The anthology opens with Charles Henri Ford’s International Chainpoem, written by Ford and eleven other poets in 1940. The excellent introduction tells us that “In 1940, American Charles Henri Ford adapted this practice [of collaborative poetry] into what he dubbed the ‘Chainpoem’, which he defined as an ‘intellectual sport…an anonymous shape laying in a hypothetical joint imagination.'” This opening poem is a wonderful example of the melding together of different personalities and imaginations, seen with lines like “When a parasol is cooled in the crystal garden” (Takesi Fuji) and “Spell me out a sonnet of a steel necklace.” (Tuneo Osada)

It moves through collaborative efforts by Beat poets Allen Ginsberg, Jack Kerouac and Neal Cassady, to the New York school, with poems by John Ashbery, Kenneth Koch, Frank O’Hara, Ted Berrigan and Ron Padgett amongst others. Bill Berkson and Frank O’Hara’s darkly comic St Bridget poems stand out with poignant lines juxtaposed next to childlike silliness:

afternoon is leaning toward drinks  I am getting
myself right now though I shouldn’t  Would

you like one, heaviness of the compost thresh-
hold? No, I want the plants to have it, for

they have died  Sometimes the streets are full
of snot sometimes the travelling ferris-wheel

Collaborative poems by Robert Creeley, Marilyn Hacker, Susan Cataldo and James Schulyer move the anthology through to the eighties. The nineties and thousands continues the eclectic range of styles seen throughout the book. All Ears by Keith Abbot, Pat Nolan, Maureen Owen and Michael Sowl, for example, is a mish-mash of Japanese traditional forms such as hokku, waki, renku and ageku woven together with a series of zen-like images:

  After rain the freeze
gnawing at the wall
          hands over heater all ears

          after rain the freeze
gnawing at the wall
              hands over heater all ears
leaves cut into a steel sky
or the gray in photographs

Cartographic Anomaly by Terri Carrion and Michael Rothenberg reads like a diary written in haiku, fused with observations made by a botanist.
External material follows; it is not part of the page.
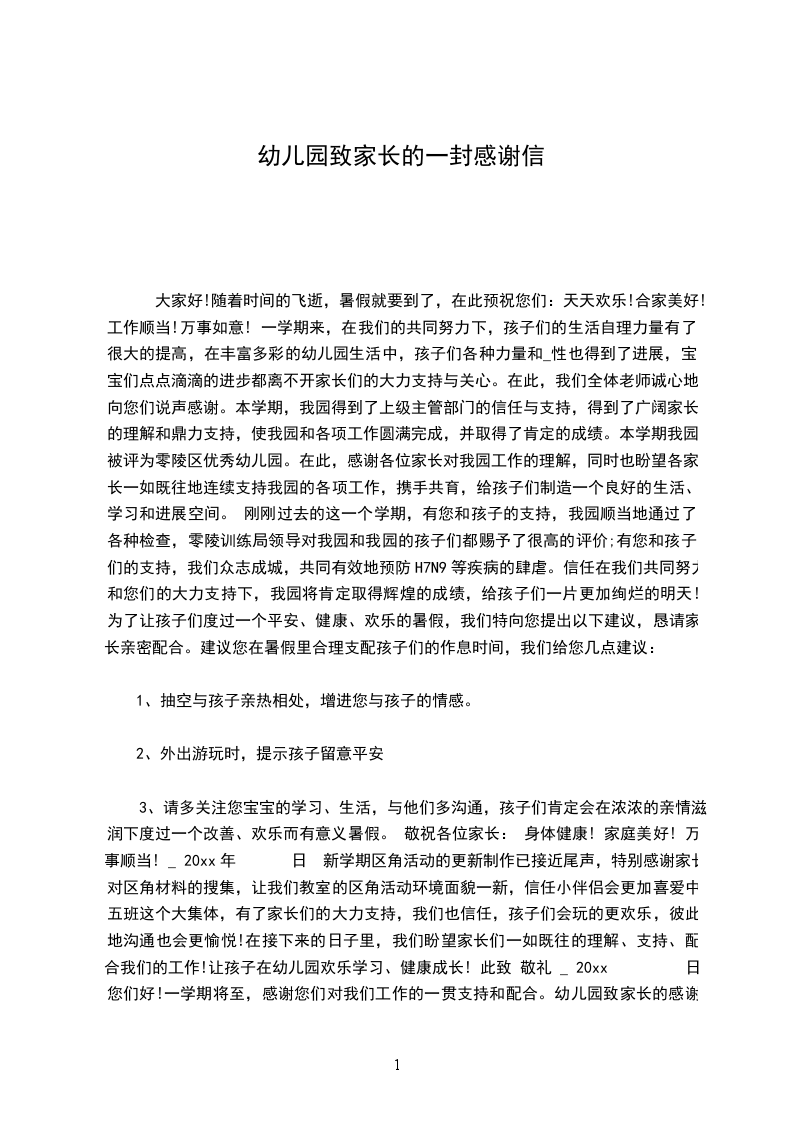 3、请多关注您宝宝的学习、生活,与他们多沟通,孩子们肯定会在浓浓的亲情滋润下度过一个改善、欢乐而有意义暑假。 敬祝各位家长: 身体健康! 家庭美好! 万事顺当! _ 20xx年 日 新学期区角活动的更新制作已接近尾声,特别感谢家长对区角材料的搜集,让我们教室的区角活动环境面貌一新,信任小伴侣会更加喜爱中五班这个大集体,有了家长们的大力支持,我们也信任,孩子们会玩的更欢乐,彼此地沟通也会更愉悦!在接下来的日子里,我们盼望家长们一如既往的理解、支持、配合我们的工作!让孩子在幼儿园欢乐学习、健康成长! 此致 敬礼 _ 20xx 日 您们好!一学期将至,感谢您们对我们工作的一贯支持和配合。幼儿园致家长的感谢信幼儿园致家长的感谢信。一学期以来,孩子的成长和进步离不开您们的辛勤付出,您们主动地参加及配合成为了我们工作的最大动力。在此格外感谢精灵班的家委会成员,给我们的活动出谋划策,不辞辛苦的组织多次亲子活动,让我们的孩子和家长有了更进一步的交往,增加分散力之余供应了很好的互动平台;感谢阮景婷妈妈为我们进行班级群网的管理工作以及通讯录的整理和编辑。感谢本学期为孩子进行助教的家长们以及主动参与助教的其他家长,您们精彩的活动必定让我们的孩子收获不少。感谢! 您们的支持,我们牢记 心,你们的配合,我们为之动容,我们将会一如既往的做好工作与您携手并肩,为孩子的成长共同努力! 此致! 敬礼! _ 20xx年 日

Stanzas such as "Michael on computer, in bed, blue glow / from screen on his face like TV image. / Big Bend National Park" are followed by details such as Ocotillo, Hectia Scariosa and Agave havardiana. This contrast between the material and the natural makes each section seem almost metaphysical on one level.

The anthology is well worth reading even if you’re not interested in collaborative poetry. There is such an abundance of different styles and imaginations from several decades that everyone will find something they will enjoy.


Christian Ward is a 27 year old London based poet and student, currently finishing the third year of a degree in English Literature & Creative Writing at Roehampton University, London. A Pushcart Prize nominated poet, his work is forthcoming in The Warwick Review, Remark and Decanto.